Per the Higher Education Opportunity Act (HEOA), textbooks must be ordered by the time the schedule is published. (You place your textbook orders online at the Coyote Bookstore.) The Academic Calendar doesn't list those dates but you can see when registration begins. For example, for 2017-18 and 2018-19:

  • Winter 2018 Registration begins on October 30, 2017
  • Spring 2018 Registration begins on February 12, 2018
  • Summer 2018 Registration begins on April 30, 2018
  • Fall 2018 Registration begins on May 17, 2018
  • Winter 2019 Registration begins on October 29, 2018
  • Spring 2019 Registration begins on February 11, 2019
  • Summer 2019 Registration begins on May 6, 2019

Why are textbook orders due so early?  The HEOA terms are designed to provide adequate notice to students regarding the price of their course materials.
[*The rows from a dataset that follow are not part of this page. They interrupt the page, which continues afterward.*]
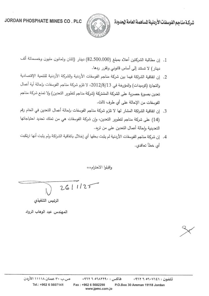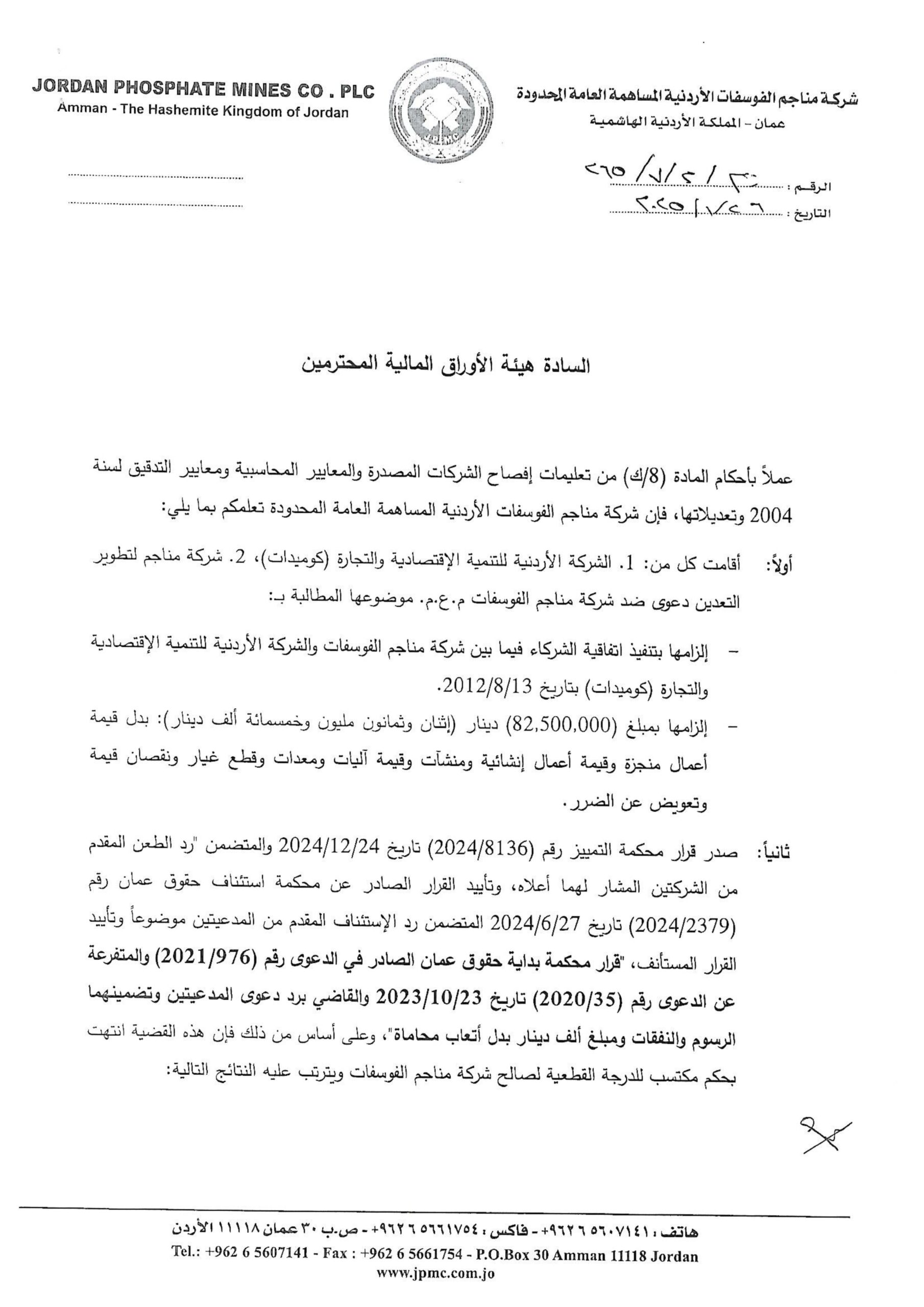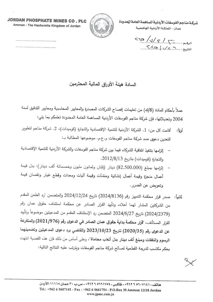 عمان. افصحت شركة مناجم الفوسفات الأردنية عبر موقع  هيئة الأوراق المالية عن كسبها قضية بقيمة 82.5 مليون دينار ضد شركة كوميدات وشركة مناجم لتطوير التعدين.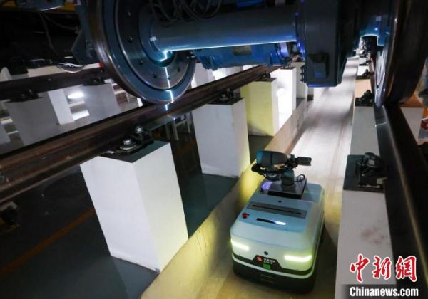 图为列车智能巡检机器人在进行巡检作业。 中新社记者 贾天勇 摄巡检作业更高效
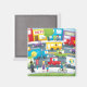 Artista: Marcus Cutler | ilustração de uma zona de ocupação urbana e ponto de ônibus com peões e carros, caminhões e compras e um rapaz de bicicleta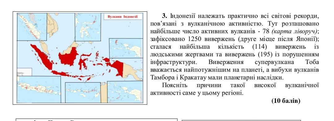 Причина: як відомо, більша частина Індонезії лежить в Китайській плиті. І так, ви можете це перевірити подивитися на мал.1. Все просто, ці плити (Євразійська та Китайська) сходяться з дуже великою силою та часом, і утворюються вулкани, землетруси, тощо.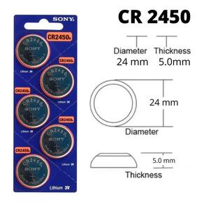 Atenção sony agora é murata A empresa japonesa murata comprou a divisão de pilhas da sony Continua com a mesma embalagem e a mesma qualidade, porém, com a marca murata Modelo - cr2450 Marca sony murata Quantidade 5 unidade Tipo de bateria: lítio Tensão nominal: 3v Tamanho da célula: moeda Iec: cr2450 Tipo de embalagem: cartela com 01 unidade Dimensões do corpo: 24.7 x 5mm Recursos da bateria: não recarregável Aplicações: Indicada para placa mãe cpu , relógios, balanças eletrônicas, calculadoras,computadores portáteis, Chaves elétricas, dicionários eletrônicos, registradores, cartões do ci, cartões de memória para o Equipamento do tratamento médico Embalagem 90 dias Marca: Não Informado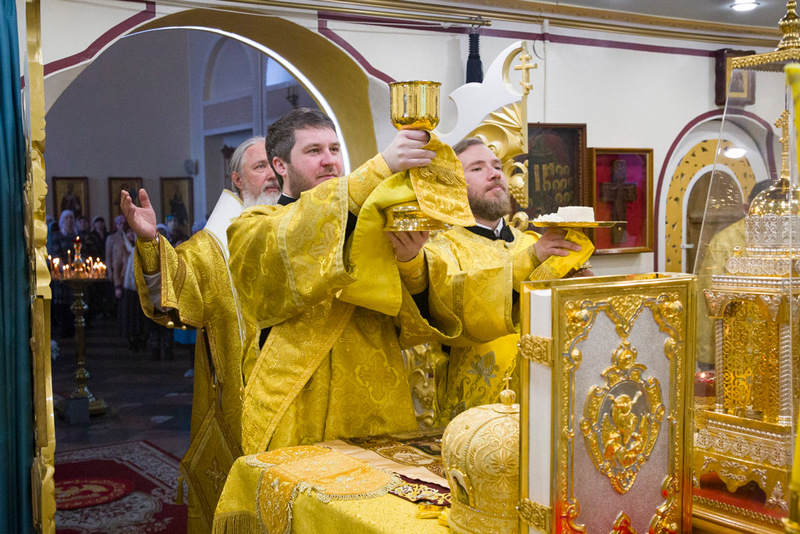 Его Высокопреосвященству сослужили: секретарь епархии иерей Антоний Васильев, настоятель храма протоиерей Димитрий Кирьян, протоиерей Андрей Скрынько, протоиерей Александр Немеров и иерей Димитрий Пономарев. Проповедь перед Причастием произнёс протоиерей Андрей Скрынько.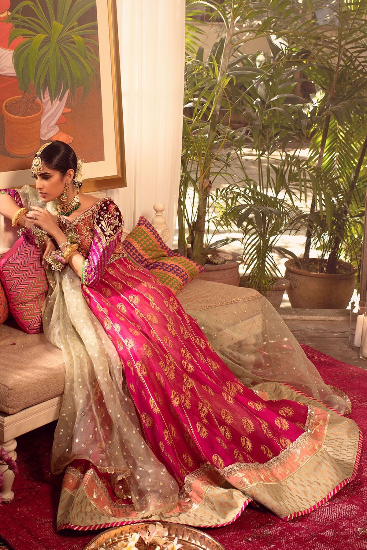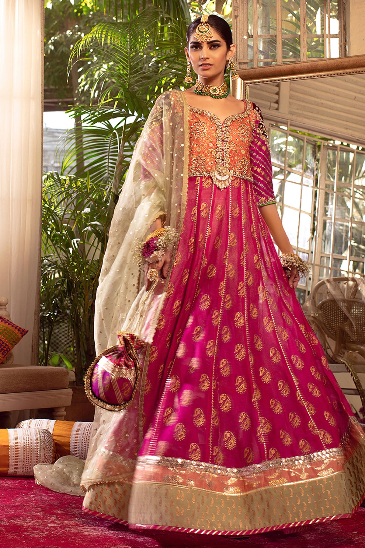 Flared silhouette hand block printed color blocked pishwas in burnt orange, magenta and fuchsia pink. The neckline of the pishwas is adorned with zardozi embroidery on velvet appliqué. The three quarter magenta sleeves are hand block printed and are further enhanced with dabka and silk thread embroidery details. The back of the shirt has handcrafted gota tassels. The pishwas is layered over gold straight pants and paired with dhani green dupatta with sequins and lace finishing’s.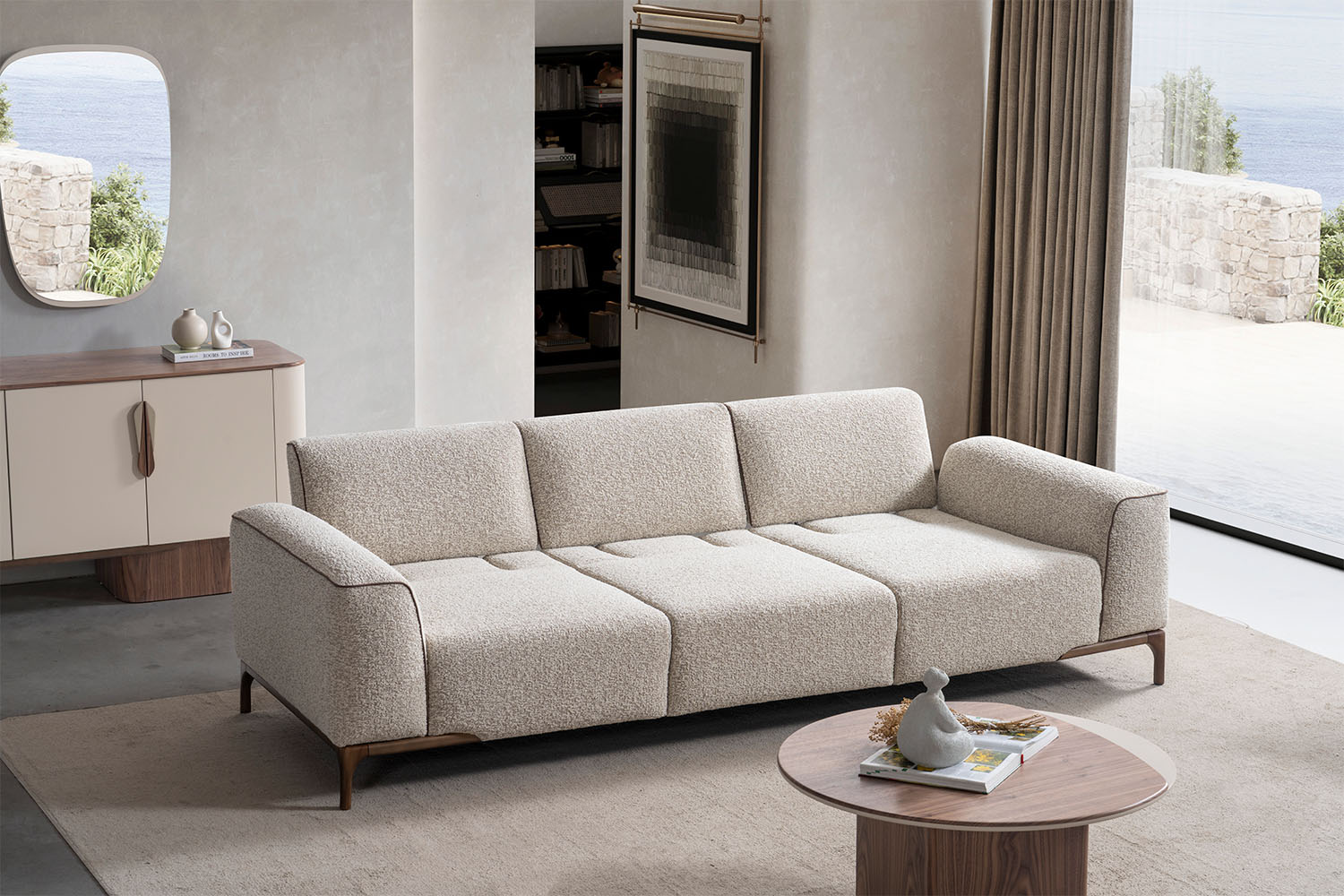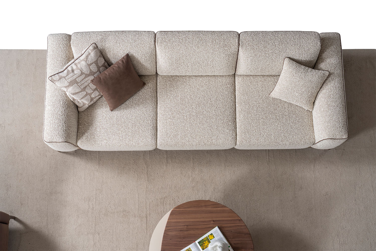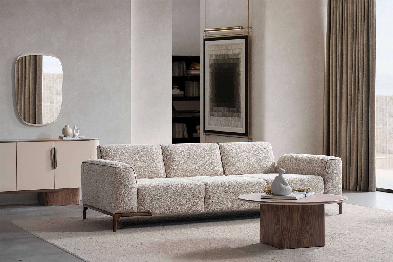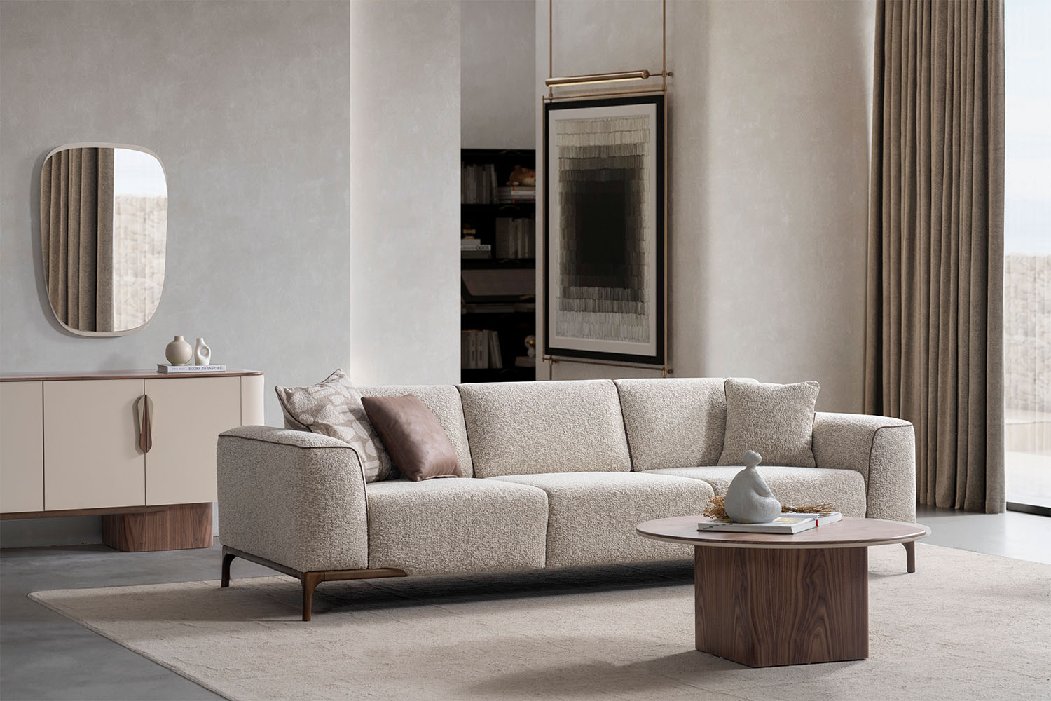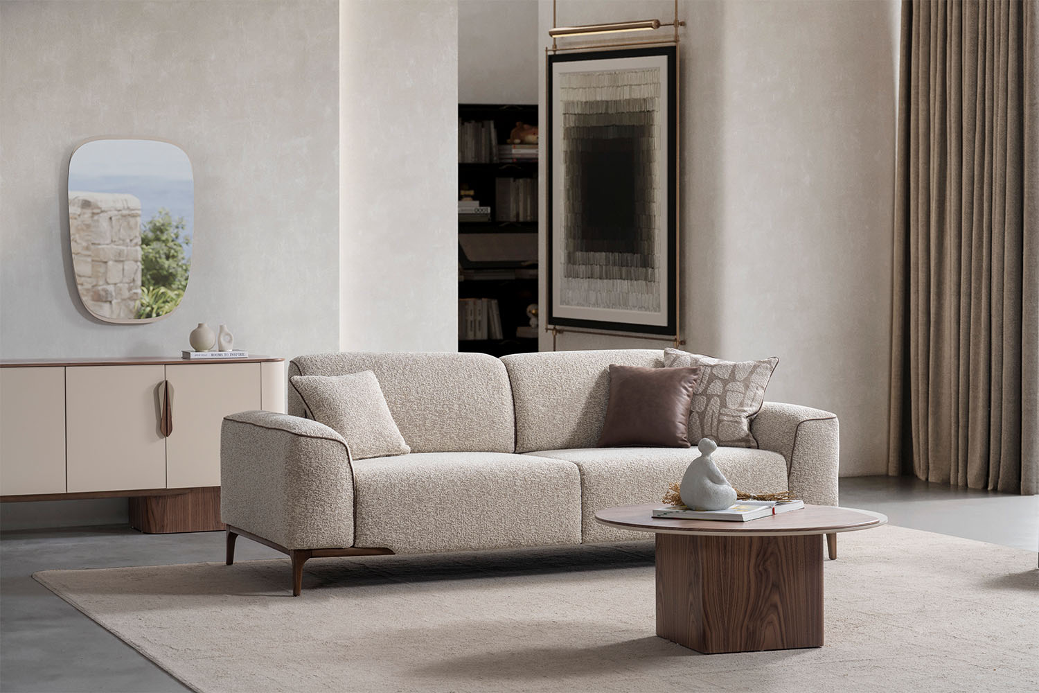 Modern çizgileri ve zarif duruşuyla dikkat çeken Aura Koltuk Takımı, yaşam alanınıza sıcak ve davetkâr bir atmosfer kazandırır. Yumuşak dokusu ve konforlu oturumu, keyifli dinlenme anları sunarken sade tasarımıyla her dekorasyon tarzına kolayca uyum sağlar. Şık detayları ve doğal renk tonlarıyla hem estetik hem de rahat bir yaşam alanı oluşturmak isteyenler için ideal bir seçimdir.

The Bookstore has to research the textbook's availability, find used copies (where available) and provide for textbook rentals.  The university also has an obligation to provide for accessible materials for students who may need them.  All of these tasks take time but are expected to be completed prior to course registration.

Faculty may want to consider using Open Educational Resources to increase the affordability of their course materials.  See the Affordable Learning Initiative page for information about resources and faculty grants.

2.  Teaching Online

If you are planning to teach a new hybrid class, or a fully online course, make sure to give yourself a considerable amount of time to design the assignments and test-drive them before using them in your class.  We strongly encourage faculty to think incrementally about changes-- especially in the online format-- because each change will take time and reflection. 

There are a number of campus and Chancellor's Office resources to help support faculty in teaching online:

  • Blackboard: our CSUSB learning management system
    • ATI offers regular Workshops (1-3 hours) and Bootcamps (one to three days)
    • ATI also offers some links to resources on its Faculty Resources page
    • ATI also offers Quality Assurance training and more information can be found from the ATI's Quality Assurance web page 
  • CSU Quality Assurance for blended & online courses:  the CSU offers several online courses to support faculty.  You can see the schedule and register for the online courses on the CSU-QA website.
    • QOLT (Quality Online Teaching): QOLT focuses on the delivery of online courses.  Three asynchronous courses are available online throughout the year (courses take 15-20 hours; cost is $25/class):
      • Introduction to Teaching Online Using QOLT (for those designing their first class online or those wishing to refine current blended/online course)
      • Improving your Online Course (used to review a current online/blended course using the QOLT instrument)
      • Reviewing Courses Using the QOLT Instrument (provides an in-depth experience using the QOLT instrument)
    • Quality Matters (QM): QM focuses on the design of course websites (for blended and online courses in particular but useful for the navigation of face-to-face course websites, as well).  There may also be a face-to-face workshops offered on the CSUSB campus.  Watch the ATI website for more information.
  • Please visit the CSUSB Accessible Technology Initiative page for information about tools available on campus.